I don’t have a Mac to check it.

The answer by Sijun is probably most helpfull for you:

You have to check, how this is done on MAC, but is probably the same as in Linux.

hey thanks for the quick responses - so the idea is to gloablly disable certificate checking for my system curl? Doesn’t sound like something that should be necessary on mac/windows - shouldn’t this become a proper issue in Pkg.jl (is that the right place to put it)? Still havent quite understood the problem.

Its not a Pkg issue.
Its either an issue of curl (e.g. Windows ships with a special version in c:\windows\system32\curl.exe) or its an issue with the certificate of the source web page.
As the download URL is

https://github.com/JuliaBinaryWrappers/Bzip2_jll.jl/releases/download/Bzip2-v1.0.6+1/Bzip2.v1.0.6.x86_64-apple-darwin14.tar.gz

It is probably something with the curl on your system.

Anyways the workaround should only be set temporarily.

Okay, seems to do the trick.

I first installed curl via homebrew (not sure whether that is necessary, make sure its in the path before system curl which homebrew doesnt do automatically)

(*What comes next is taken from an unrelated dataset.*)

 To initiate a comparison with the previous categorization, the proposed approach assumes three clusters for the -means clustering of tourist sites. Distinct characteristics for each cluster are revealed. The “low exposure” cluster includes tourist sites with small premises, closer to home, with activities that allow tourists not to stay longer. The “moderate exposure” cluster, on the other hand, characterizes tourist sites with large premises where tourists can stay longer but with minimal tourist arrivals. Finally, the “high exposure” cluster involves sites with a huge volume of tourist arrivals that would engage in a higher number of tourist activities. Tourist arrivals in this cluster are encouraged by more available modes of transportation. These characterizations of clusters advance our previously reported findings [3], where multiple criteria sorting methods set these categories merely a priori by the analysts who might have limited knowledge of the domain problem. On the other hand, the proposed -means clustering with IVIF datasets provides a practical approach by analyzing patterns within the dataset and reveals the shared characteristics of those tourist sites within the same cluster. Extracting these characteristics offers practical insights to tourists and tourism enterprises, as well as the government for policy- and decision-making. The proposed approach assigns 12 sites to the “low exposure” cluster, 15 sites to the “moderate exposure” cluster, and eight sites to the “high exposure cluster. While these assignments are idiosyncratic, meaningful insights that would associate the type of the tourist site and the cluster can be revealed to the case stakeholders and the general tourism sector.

then it is simply a matter of creating/modifying your curl config e.g. using atom

atom $HOME/.curlrc

and appending the line

insecure

save, quit all terminals and now I can build FFMPEG@0.2.4

@oheil - since it is not an Pkg3 issue - is it a FFMPEG issue then? Hm, I did not have a user-level curl config before and the vanilla homebrew version alone did not resolve it either - so it is a certificate problem but why? Seems to happend to a few people…

3 Likes

The general solution for future Julia/Pkg ist discussed here:

The issue with curl (and other download variants like powershell for windows) is more complex and I don’t know an exact single explanation what the problem is. In this complex there are e.g. proxy problems and there is e.g. the TLS version problem (Git does not work with TLS < 1.2, maybe this is your specific issue. You may check if TLS 1.1 is still default for your OS).

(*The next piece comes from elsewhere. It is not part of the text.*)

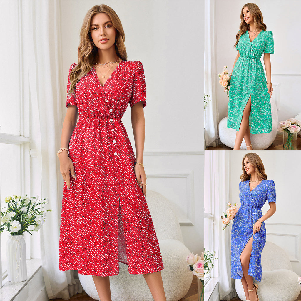 أنيقة ولطيفة ، فستان ميدي للسيدات مع أزرار غير متناظرة. يتوفر هذا الفستان الفريد باللون الأحمر أو الأزرق أو الأخضر لتناسب شخصيتك.

The best overall workaround for now is the “insecure” option, which should be out-commented after installation.

This solution worked for me on macOS Mojave.

I was running in to issues when trying to add the Flux package.

Unable to automatically install ‘OpenSpecFun’

Also something to do with curl not accepting certificate.

I had the same problem with libiconv. The insecure workaround worked.